↓ Archives ↓

Archive → August, 2008

Bayesian filtering

Currently I’m thinking a lot about Bayesian filtering and new ways to apply this to my every day software.

For those who aren’t that informed on the subject I would recommend reading A Plan for Spam by Paul Graham. Wikipedia has a few articles of interest as well. I’d recommend the ones on Bayes’ theorem and Bayesian spam filtering.

Currently I see a lot of areas where this technique can be applied – generally everything evolve around e-mails, RSS-feeds and automatic web-site crawling.

I hope that I’ll have the time in the near future to actually implement something.

Memory consumption

I’m currently devoting some of my spare time to developing a tool that can track the memory consumption of individual running processes and display the data on a graph.

To narrow this description down a bit – the tool let’s you select a process and shows a graph of used memory over the last few minutes. Pretty nifty.

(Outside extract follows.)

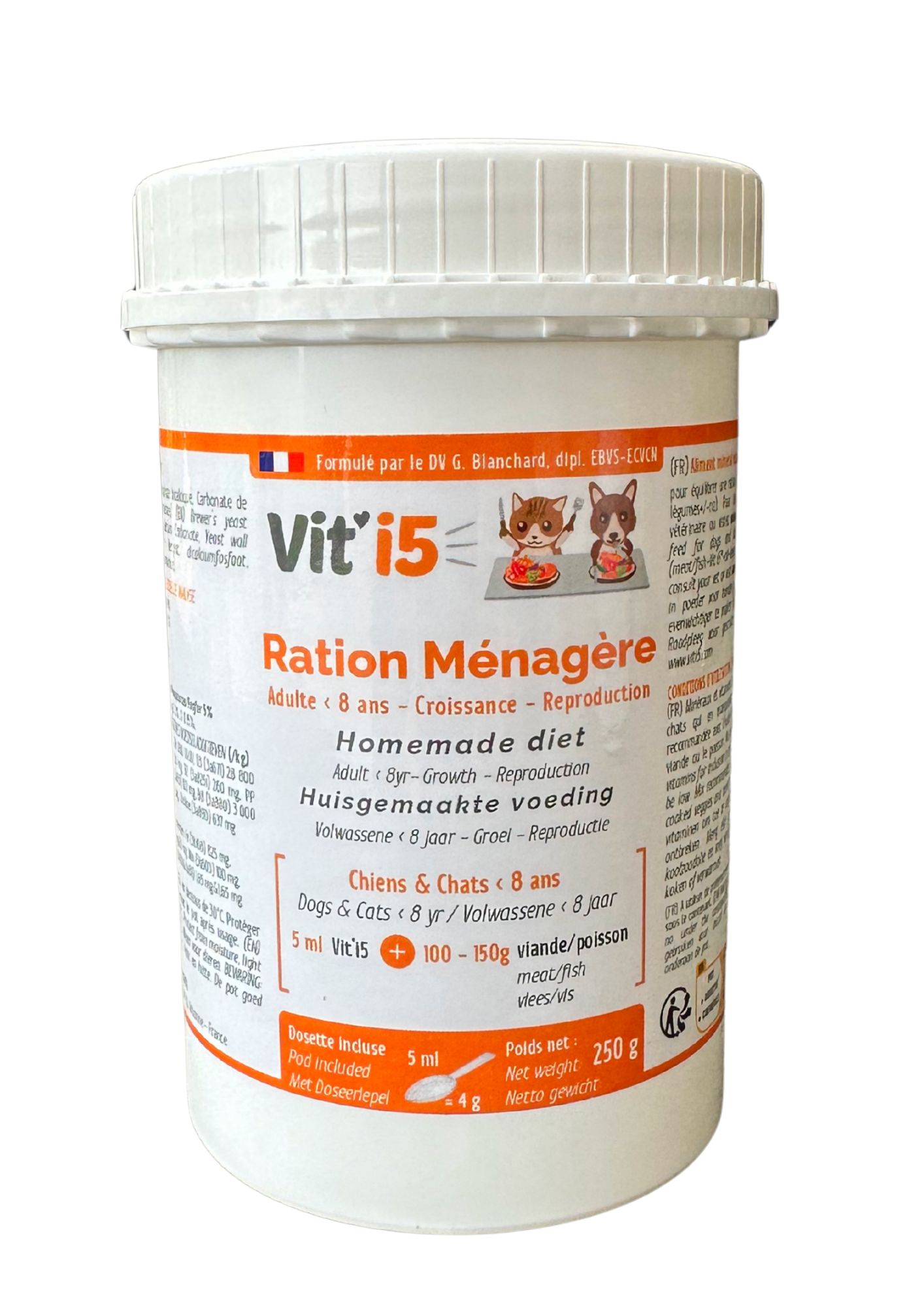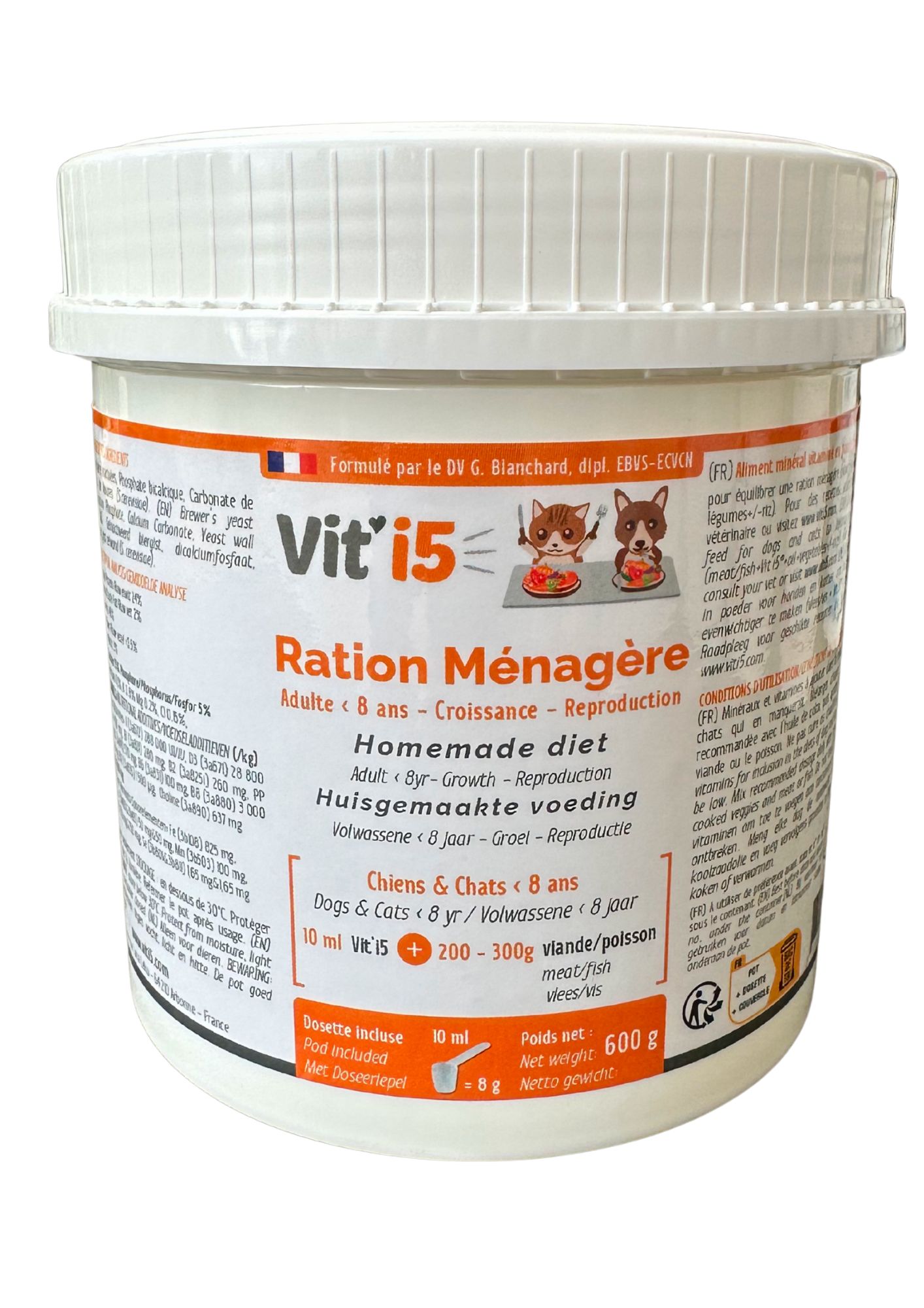 ChienChienneChatChatte | Aliment minéral et vitaminé en poudre pour chiens et chats pour équilibrer la ration ménagère (viande/poisson+Vit’i5®+huile+légumes+/-riz) :

Windows XP/Vista lets me track these values numerical and with no history – the application of this feature is rather big during my every day work.

At the moment I’m trying to narrow down some performance and memory consumtion issues in our product which – if solved properly – would allow some very large data sets to be imported.

Double keyed tables

Do you ever find yourself in the need of double keyed tables? Well I do!

If you’re now quite sure what I mean about this I’ll try and sum it up. Imagine a Hashtable where you supply a key-pair instead of one key.

myHashtable.Put(key1, key2, value);

Or if you like that flavor

myHashtable[key1, key2] = value;

So far I haven’t found a good implementation of this scenario which leads me to the only solution: Do it yourself!

Edit: During my work yesterday I made a generic class for double keyed tables. The overall time it took was about 30 minutes and was really worth it! As a natural consequence I can’t reveal the source code here.

Updating .NET Versions

When Microsoft release new versions of their .NET Framework there is no doubt that there will be some nifty new features that we can all benefit from.

Lately the releases has contained data and presentation oriented additions to the framework which would allow us to save many lines of code if used properly. The only problem is – our users need the framework!

It is safe to say that 95% of our users have .NET version 1.0 and 1.1 installed. When it comes to version 2.0 (which our program is linked upon) the number drops to about 85-90% and framework versions 3.0 and 3.5 is installed on under 5% of the user systems. The 10-15% of our users that lack the required framework version 2.0 is bad enough! For various reasons I won’t go into detail with here – we can’t use the usual approach and bundle the installer in an MSI-pack that automatically installs the needed framework – we have to do this manually! This means that two developers spent most of a day writing some script for our installation script that checked for the proper .NET version and downloads + installs version 2.0 if needed.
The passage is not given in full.